Measuring G protein activation by spectrally resolved imaging fluorescence fluctuation spectroscopy

The activation of heterotrimeric G proteins through G-protein-coupled receptors (GPCRs) is a ubiquitous signaling mechanism in eukaryotic biology. The three principal molecular components of this cascade are the GPCR, Gα subunit, and Gβγ subunit. Measurement of interactions between these components and their downstream effectors in live cells is paramount to understanding how cells fine-tune their physiology in response to many external stimuli. Multicolor fluorescence fluctuation spectroscopy (FFS) approaches allow the sensitive detection of heteromeric interactions by using spectrally distinct fluorophores to label biomolecules of interest.

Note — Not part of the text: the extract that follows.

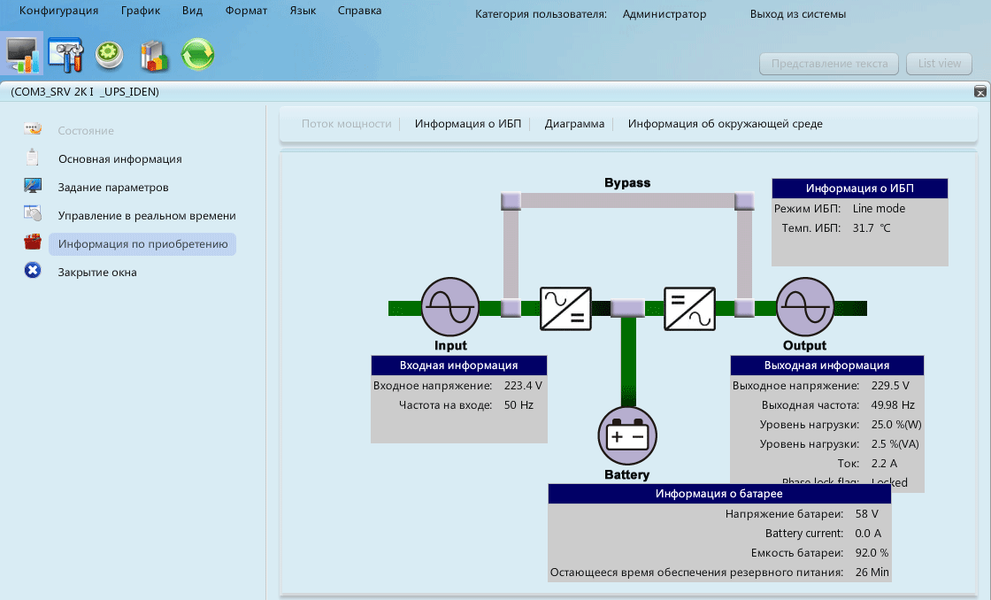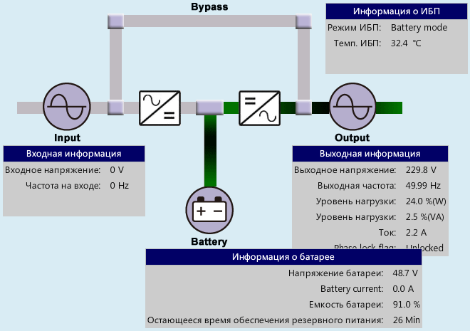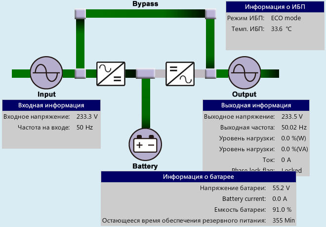 Информацию о состоянии ИБП и происходящих процессах можно наглядно отобразить в виде схемы потоков мощности:
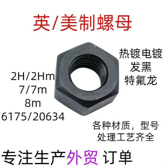 英美制发黑螺母重型化工配件高强度石油螺母电力锁紧工具六角螺母

We considered three imaging FFS approaches to measuring molecular interactions from the signals produced by a spectrally resolved confocal microscopy: raster spectral image correlation spectroscopy (RSICS), spectral spatial cumulant analysis, and native resolution spatial cumulant analysis. We characterized these approaches using simulation and experiments on heteromers with known stoichiometries. We found that RSICS had the best sensitivity for measuring heteromeric interactions and employed it to measure G protein complexes. As measured by RSICS, interactions between the G protein subunits Gαi₁ and Gβ₁γ₂ were sensitive to the stimulation of two GPCRs, the D2 dopamine receptor and the α-2A adrenergic receptor. Interactions between GPCRs and G proteins were not detectable above background, supporting a collisional model of GPCR/G protein interactions in contrast to a preassembly model where strong interactions would be present. These data are uniquely available by this FFS framework, which is appropriate for not only multiplexed measurements of G protein biology but any dynamic protein complexes in the cell.